WHAT NEEDS TO BE DONE: Restate the data exactly as given and keep the pictures out.

EXTRACTED INFORMATION:

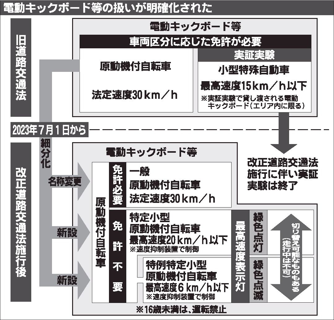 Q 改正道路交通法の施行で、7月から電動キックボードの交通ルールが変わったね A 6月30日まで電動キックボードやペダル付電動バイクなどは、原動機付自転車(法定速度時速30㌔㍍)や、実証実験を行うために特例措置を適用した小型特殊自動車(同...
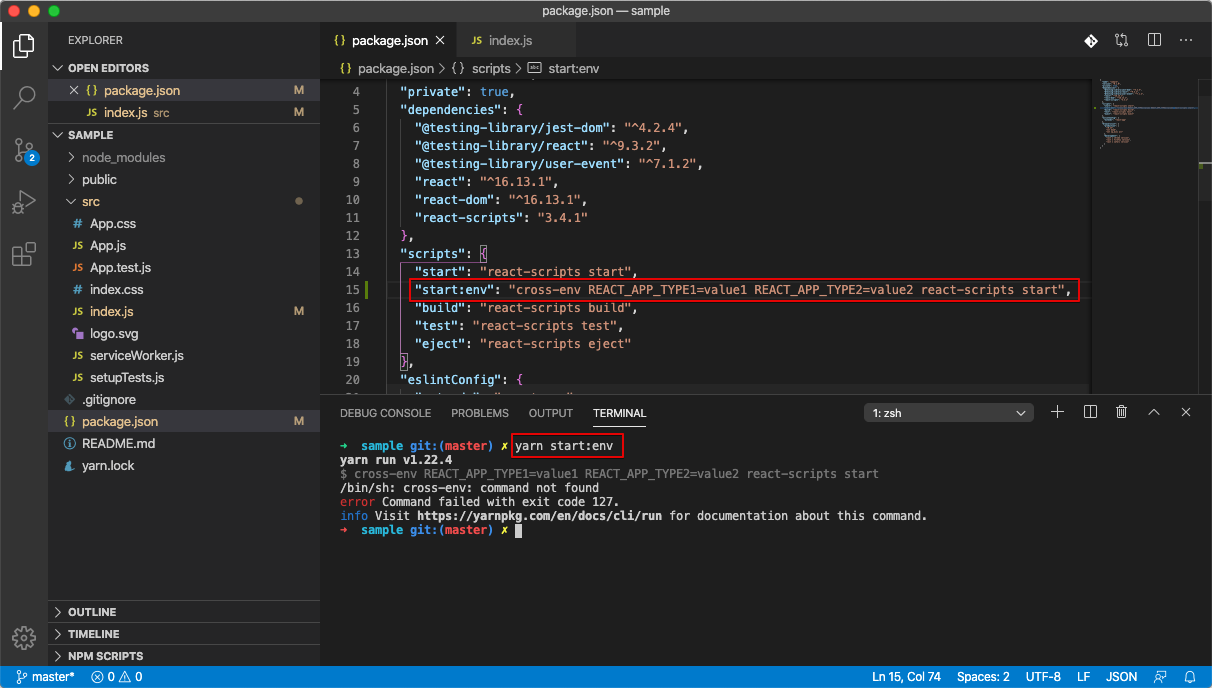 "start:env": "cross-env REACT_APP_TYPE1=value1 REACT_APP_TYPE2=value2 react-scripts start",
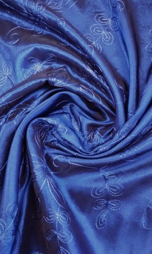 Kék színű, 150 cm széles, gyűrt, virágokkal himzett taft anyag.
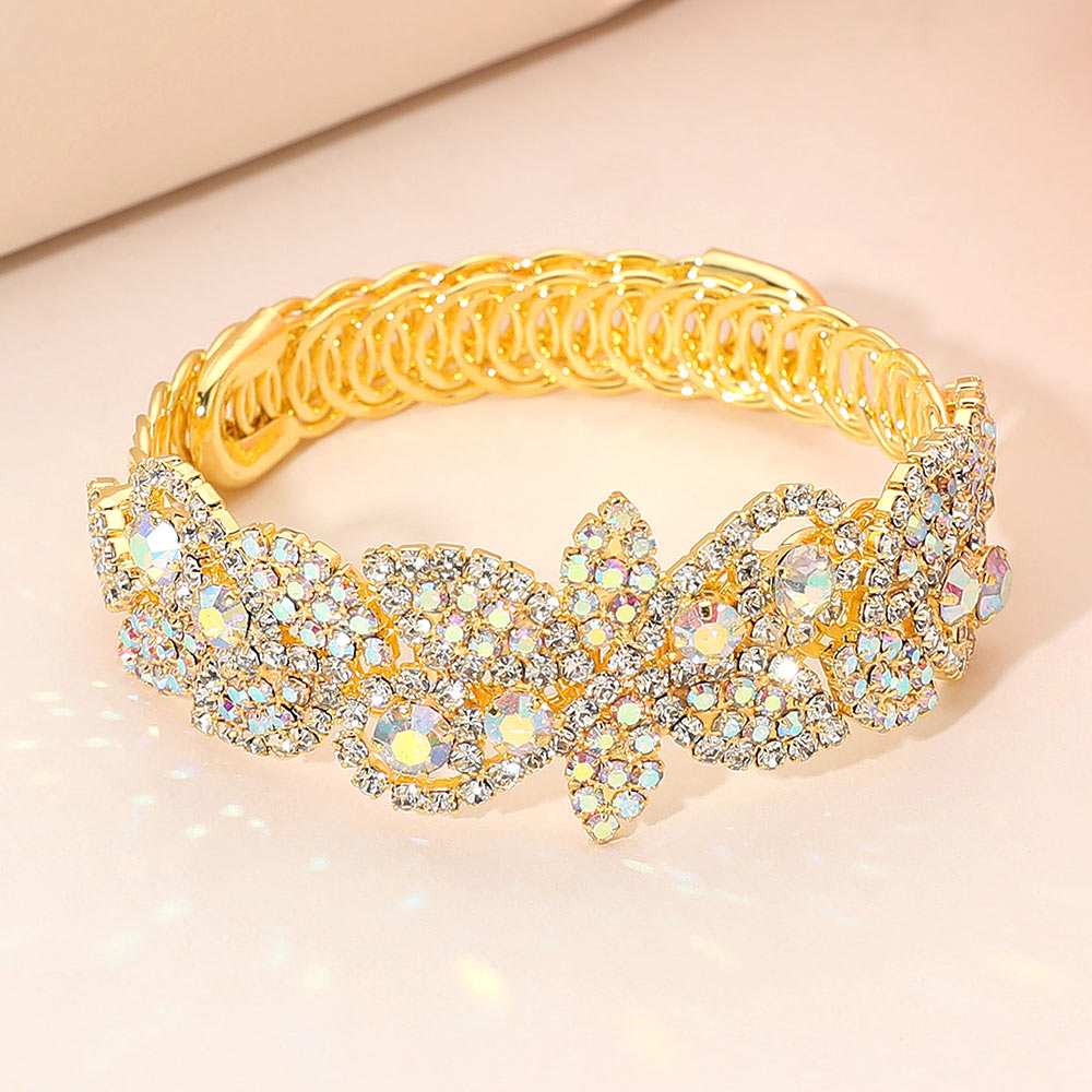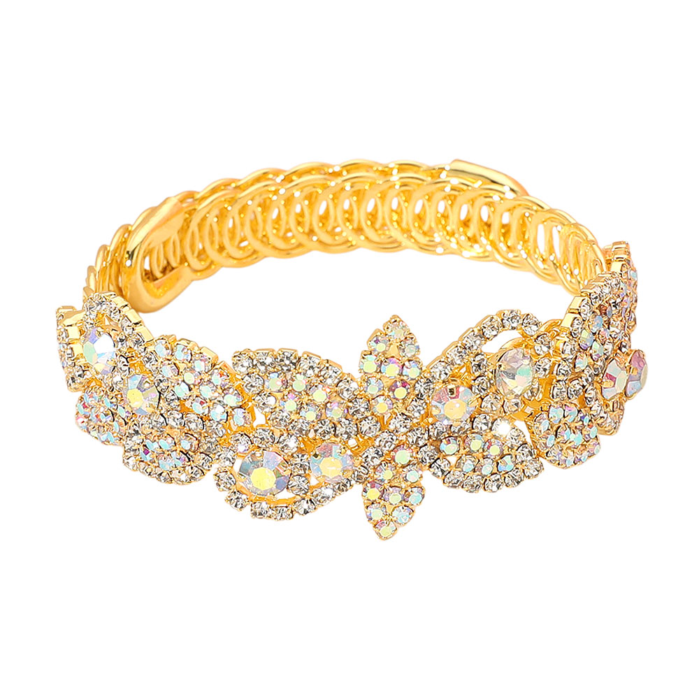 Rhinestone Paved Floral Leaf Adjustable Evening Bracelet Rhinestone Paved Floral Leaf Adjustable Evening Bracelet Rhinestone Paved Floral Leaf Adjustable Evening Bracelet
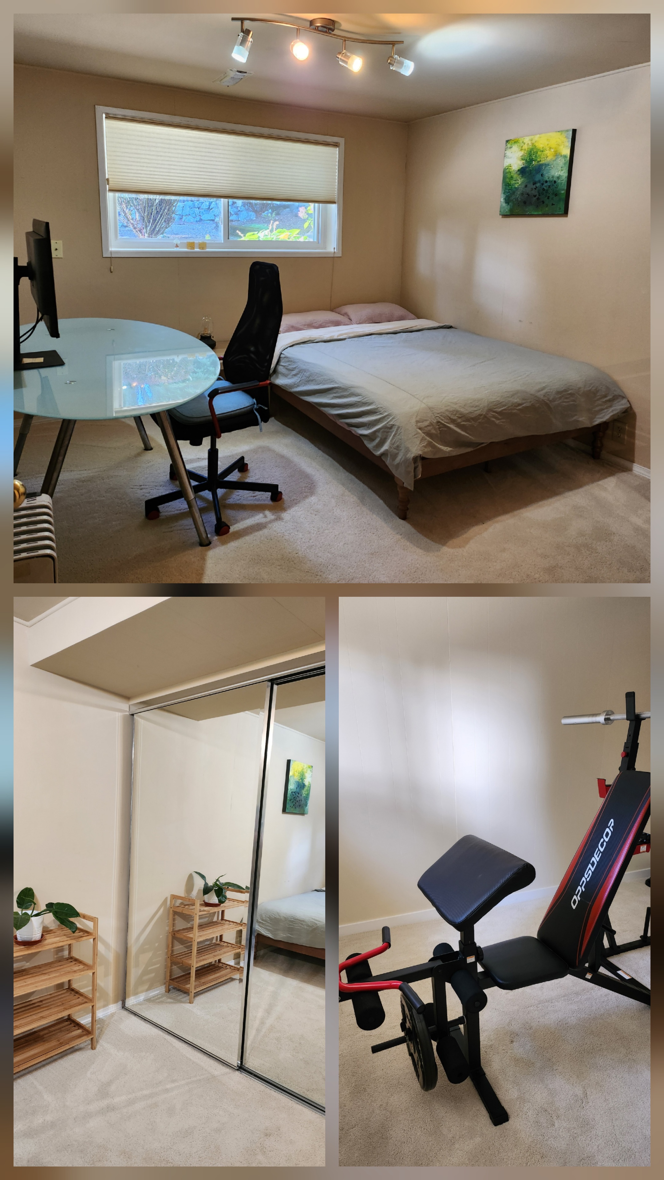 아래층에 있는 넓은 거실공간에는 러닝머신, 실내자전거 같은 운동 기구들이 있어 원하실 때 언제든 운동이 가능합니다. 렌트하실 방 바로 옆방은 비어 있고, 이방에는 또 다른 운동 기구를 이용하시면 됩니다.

THE ANSWER:
 Q 改正道路交通法の施行で、7月から電動キックボードの交通ルールが変わったね A 6月30日まで電動キックボードやペダル付電動バイクなどは、原動機付自転車(法定速度時速30㌔㍍)や、実証実験を行うために特例措置を適用した小型特殊自動車(同...
 "start:env": "cross-env REACT_APP_TYPE1=value1 REACT_APP_TYPE2=value2 react-scripts start",
 Kék színű, 150 cm széles, gyűrt, virágokkal himzett taft anyag.
 Rhinestone Paved Floral Leaf Adjustable Evening Bracelet Rhinestone Paved Floral Leaf Adjustable Evening Bracelet Rhinestone Paved Floral Leaf Adjustable Evening Bracelet
 아래층에 있는 넓은 거실공간에는 러닝머신, 실내자전거 같은 운동 기구들이 있어 원하실 때 언제든 운동이 가능합니다. 렌트하실 방 바로 옆방은 비어 있고, 이방에는 또 다른 운동 기구를 이용하시면 됩니다.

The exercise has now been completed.